Jannis Kounellis was born in the Greek port of Piraeus in 1936, but has lived for most of his life in Rome. Today, he is regarded as the most prominent living artist in the Italian art movement Arte Povera, and his significance for contemporary art is indisputable.
The movement arose in the late sixties, and included the artists Alighiero Boetti and Mario Merz, amongst others. They were strongly influenced by their Italian compatriot, the writer Umberto Eco, who a few years earlier had published a collection of essays entitled Opera Aperta (The Open Work). Eco regarded the artwork as an open field in which meaning is created internally, through the actions of dissimilar elements and through the contextual approach to it of the individual viewer. For Eco, the most interesting works are those that offer the greatest mobility between the work’s elements and the viewer’s expectations and interpretations of them.
The Arte Povera artists were, as their name suggests, characterised by their use of “poor” everyday materials such as iron, wood, coal, coke, sackcloth and coffee – all elements that most of us can relate to, and with which we have both collective and individual experience. By using immediately recognisable materials, the Arte Povera artists thus add to the works a recollection of the material’s original function, which in turn is mixed with the viewer’s own experiences of this, and only then is the work complete.
Kounellis has pursued and developed the ideas of Arte Povera and the consistent use of materials throughout his oeuvre. When Galleri Bo Bjerggaard held its first and so far its only exhibition of Kounellis back in 2003, he created three installations, two of which consisted of old oak tables, through the middle of which he had placed a steel plate, so that it looked as though it had sliced through the tables, which were only rudimentarily held together by strong hemp rope. Around the tables in the gallery, then located at Pilestræde 48, he added 3-400 pairs of shoes in island formations. The third installation consisted of a giant iron plate, placed between the old coffee sacks and filled with about a ton of coke. Together, the installations formed a distinctive image of the readable traces that mankind places in the industrialised world.

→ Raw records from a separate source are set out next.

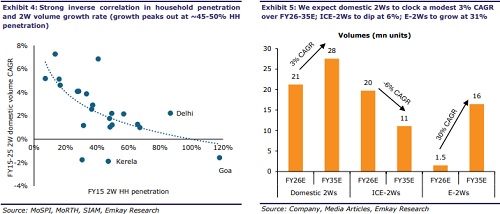 Per our state-wise household and sales analysis, 2W volume growth peaks at 45–50% penetration, showing an inverse correlation between penetration and growth. Over FY15- 25, the top-12 states rose only 1%, while the pan-India growth of 3% was driven by the rest of India (RoI; ‘Hindi’ belt) growing 4%. With RoI penetration at 55% (FY25)—also the level where growth tapered for the top states, 2W volumes face a material slowdown risk over FY25-35E. After the near-term GST-cut led demand spike, we expect the domestic 2W industry to stagnate at 3% CAGR over FY26E-35E. This is likely to coincide with the secular customer-preference shift toward E-2Ws, with volumes expected to rise 13-15x over FY25-35E, and a steep adoption curve akin to that seen during the geared scooters to motorcycle shift during the late 1990s in a base-case scenario. We highlight the possibility of an even steeper curve, as E-2Ws match all the 3 reasons for past mega shifts seen in the 2W industry, ie a) superior cost economics (upfront costs rapidly converging toward ICE-2Ws and operating costs at 1/10th of ICE-2Ws’), b) convenience (automatic transmission, better NVH), and c) futuristic (smart, intelligent, connected). Despite a staggered cut in central and state incentives (eg FAME-II and EMPS) to Rs5k/vehicle in FY26 vs Rs45k in FY23, we see a spike in retail E-2W penetration (7.4/8% in FY26TD/Sep-25 vs 5.8% in FY25) as key category growth barriers of charging, affordability, reliability, and resale value are being addressed.
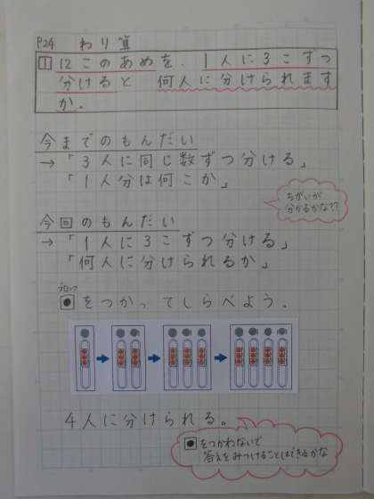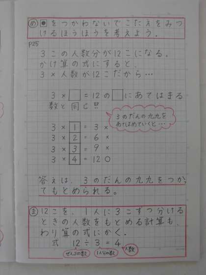 3この人数分が12こ・・・3×□=12・・・3のだんにあてはめると・・・
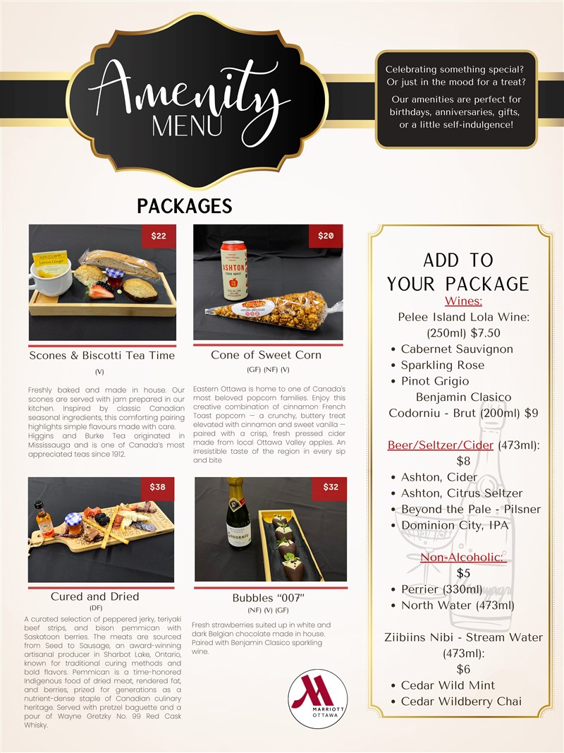 Start your stay right by adding one of our beautifully crafted amenity packages to your Ottawa Marriott room.
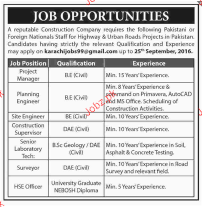 Apply as per details in job advertisement. Login to view further details of how to apply via https://www.jobz.pk online.
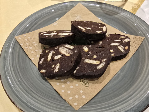 | floenzplaetzchen Salame di cioccolato ist keine echte Salami, Kalte Hundeschnauze | Silversterfeuerwerk Marktplatz Drolshagen 2024 |
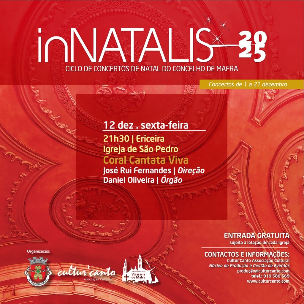 Ericeira. Esta noite (sexta-feira, 12 de dezembro), às 21h30, assista a mais um concerto In’Natalis, na Igreja de São Pedro. As mais conhecidas músicas de Natal vão ser interpretadas pelo organista Daniel Oliveira, acompanhado do Coral Cantata Viva, sob a direção de José Rui Fernandes.
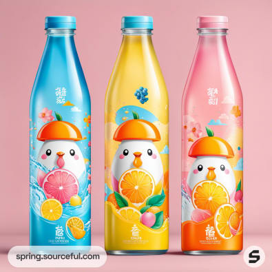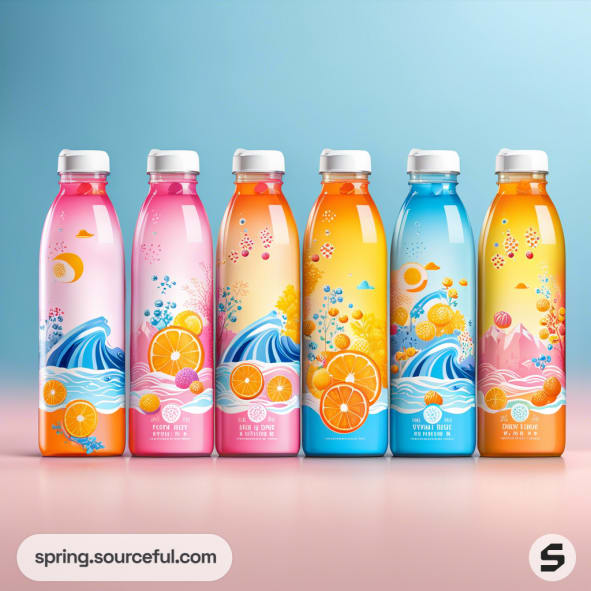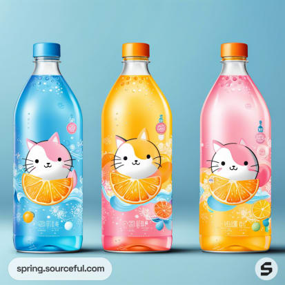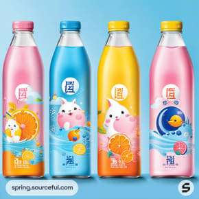 Discover the perfect blend of creativity and functionality with our unique packaging inspiration for flavoured water. Our designs, influenced by vibrant Japanese cartoons and bright pastel color schemes, are sure to captivate your customers. Explore a variety of packaging types, all adorned in eye-catching shades of orange, yellow, pink, and blue. Make your flavoured water product stand out on the shelves with our innovative and aesthetically pleasing packaging designs.

It is therefore with great anticipation that Galleri Bo Bjerggaard is hosting Jannis Kounellis, who for a whole week will be installing the exhibition in cooperation with the gallery and two assistants in the gallery’s three large west-facing rooms on Flæsketorvet. It is thus far unclear precisely what the exhibition will consist of, but it is certain that a lorry loaded with works and materials from Tuscany has arrived at Flæsketorvet!
Jannis Kounellis’ works are found in all the major public art collections worldwide, including MoMA and the Guggenheim in New York, and the Tate Modern in London. Here in Denmark, Kounellis is represented at Louisiana Museum of Modern Art and HEART. At the latter, the new art museum in Herning, HEART, opened in 2009 with a major Jannis Kounellis exhibition, and it was therefore natural for Galleri Bo Bjerggaard to ask the director of HEART, Holger Reenberg, to write an essay on Kounellis and Denmark for the catalogue accompanying the gallery’s exhibition.